* WHAT TO WORK ON: The full listing, excluding its pictures, should be printed exactly as it stands.

* THE DATA:
══════════════════════════════
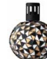
ブラック&ゴールド CDF-M-002 φ122x163H
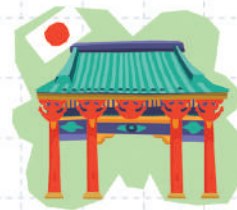
5 САРЫН 3 ЯПОН УЛС
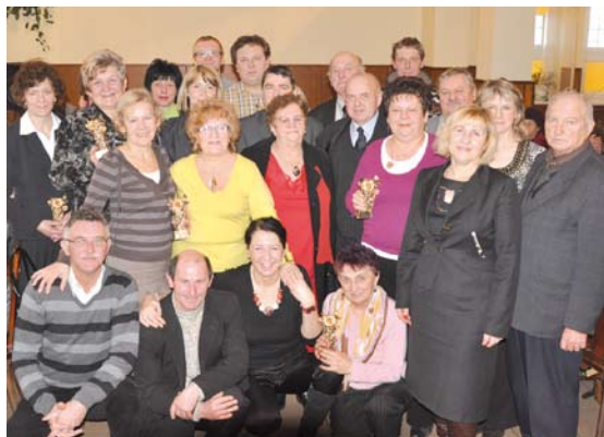
Wspólne zdjęcie sołtysów z władzami gminy
══════════════════════════════
* PROBLEM SOLUTION:
ブラック&ゴールド CDF-M-002 φ122x163H
5 САРЫН 3 ЯПОН УЛС
Wspólne zdjęcie sołtysów z władzami gminy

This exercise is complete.